We assume that there are several standard "practice management" software packages currently in use by GPs and others. Software on the XML appliance would link to those packages, allowing seamless extraction and insertion of data.
All security would be based on Public Key Infrastructure (PKI) and strong encryption based on the emerging US Government's implementation of its Advanced Encryption Standard (AES). All message would be encrypted and have certificates/signatures attached.
A central medical authority would act as (or outsource) the Certifying Authority (CA) issuing and revoking certificates and attributes.
To ensure secure communication channels, the Secure Socket Layer (SSL) protocol would be used to transport the encrypted messages so that no message could be "intercepted" or "faked". SSL is the most common security mechanism for e-commerce.
Only information that is allowed to be released, based on the requestors' attributes, would be transmitted.
The system briefly outlined above is a peer-to-peer messaging system utilising currently available software implementations of XML, XSL and SOAP standards. These standards are open and can be extended or developed by any competent organisation with expertise in this area.
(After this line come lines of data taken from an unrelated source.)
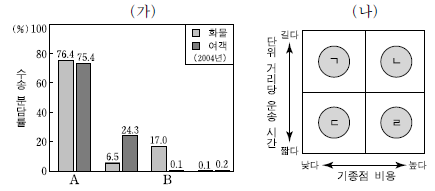 (가)는 국내의 운송 수단별 수송 분담률을 나타낸 것이다. A와 B의 일반적인 특징을 (나)에서 골라 순서대로 바르게 배열 한 것은? (단, 여객은 수송 인원, 화물은 수송 톤 수를 기준으로 하며, 철도는 지하철을 포함함.) (순서대로 A, B)
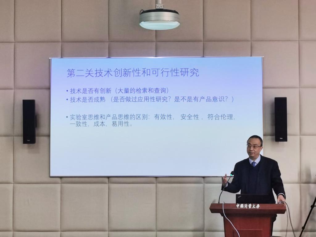 衷兴华老师围绕“科学家技术转化和创新创业”进行了全面的讲解。他分享了科学家技术转化和创新创业方面的心得体会,并根据自己多年创业经历,就科学家创业应该从哪里着手,技术创新性和可行性的研究、知识产权的保护、市场战略性定位等内容进行了精彩的阐述。尤其在团队搭建、资源整合等关键问题方面,他结合多年技术转化的众多成功案例,进行了具体分析。与会教师就科学技术转化等问题和主讲老师进行了深入交流。
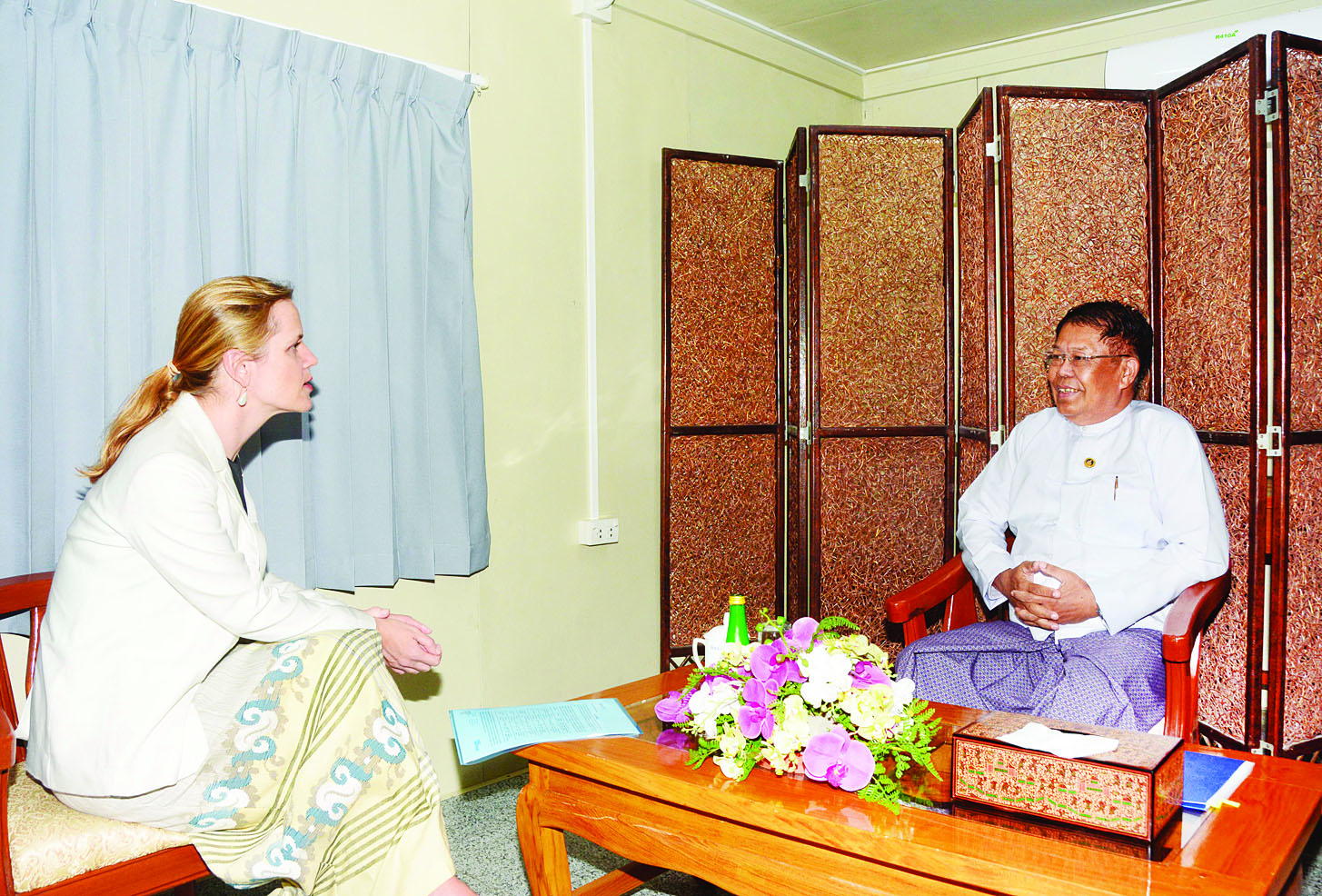 ဒုတိယဝန်ကြီးချုပ်နှင့် နိုင်ငံခြားရေးဝန်ကြီးဌာန ပြည်ထောင်စုဝန်ကြီး ဦးသန်းဆွေသည် ကုလသမဂ္ဂစီမံကိန်းဝန်ဆောင်မှုရုံး (UNOPS) ၏ မြန်မာနိုင်ငံဆိုင်ရာ ညွှန်ကြားရေးမှူးနှင့် ကိုယ်စားလှယ် Ms. Sara Austin Netzer အား ယနေ့မွန်းလွဲ ၁ နာရီတွင် နိုင်ငံခြားရေးဝန်ကြီးဌာန၌ လက်ခံတွေ့ဆုံသည်။
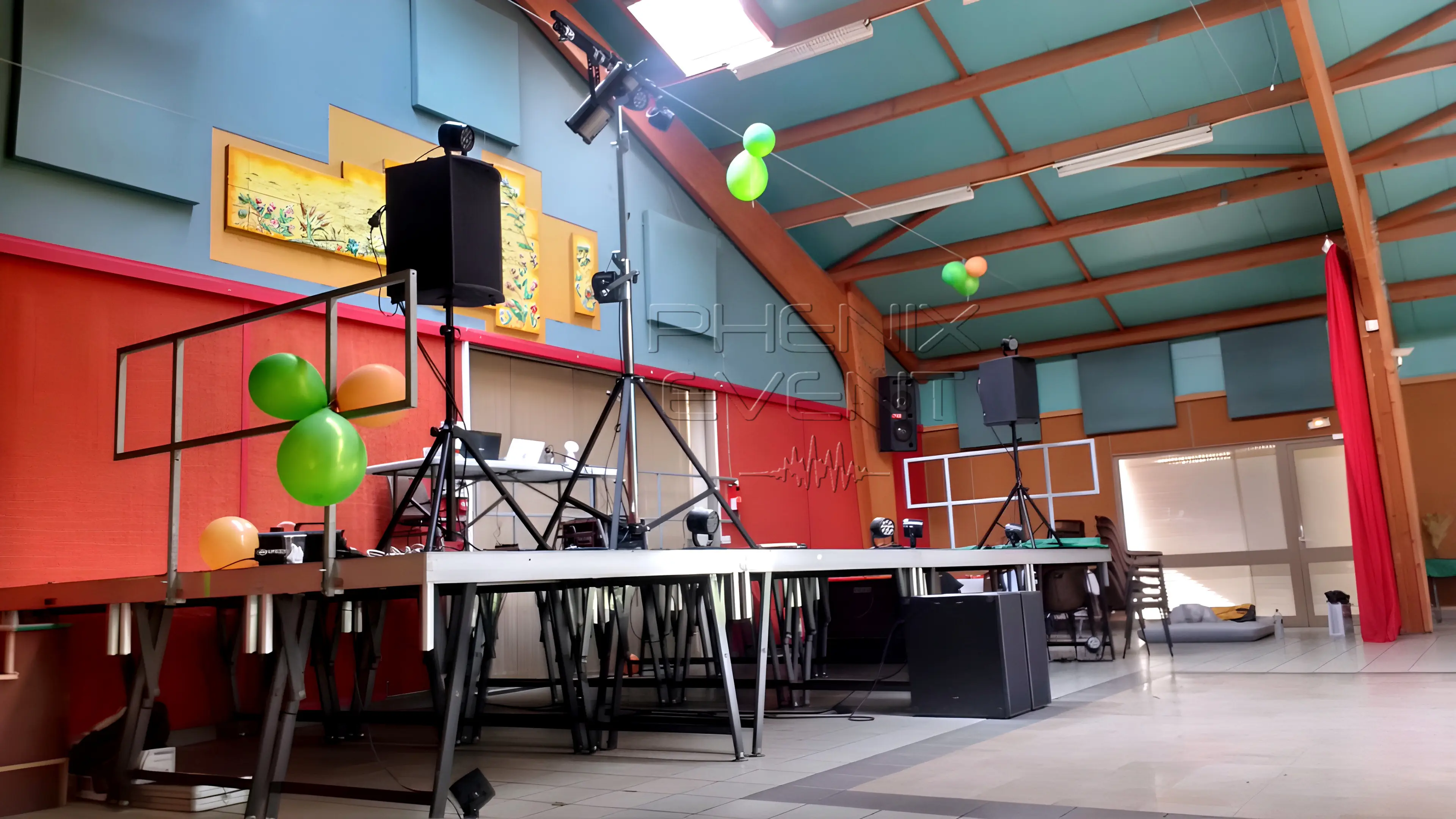 A mon arrivée à la salle, c’est le futur marié, Didier, qui me réceptionne. Poignée de main franche, sourire jusqu’aux oreilles (s’il avait pu aller au-delà, il l’aurait été), le courant passe immédiatement ! Il se propose même pour aider au déchargement de la cargaison… (ce que je refuse : il doit garder des forces pour les événements à venir ! ^^. Mais l’intention était très gentille et honorable). Ni une ni deux, je prends connaissance des lieux : la salle est grande, spacieuse et, chose non-négligeable, une scène de 8x3m assemblée à l’aide de praticables est déployée. Parfait pour y agencer notre arsenal et ça va clairement, en sus, accélérer le processus :

RostersEtc Limited creates the type of low-cost XML appliance described in this document and can assemble a prototype or demonstration network to display the above techniques. We also create, and define XML Schemas and DTDs.
The low cost of this system arises from the use of existing infrastructure such as the Internet, Telecom's "ADSL" product (or equivalent) and the use of commercially available open-source standards currently in wide use in e-commerce.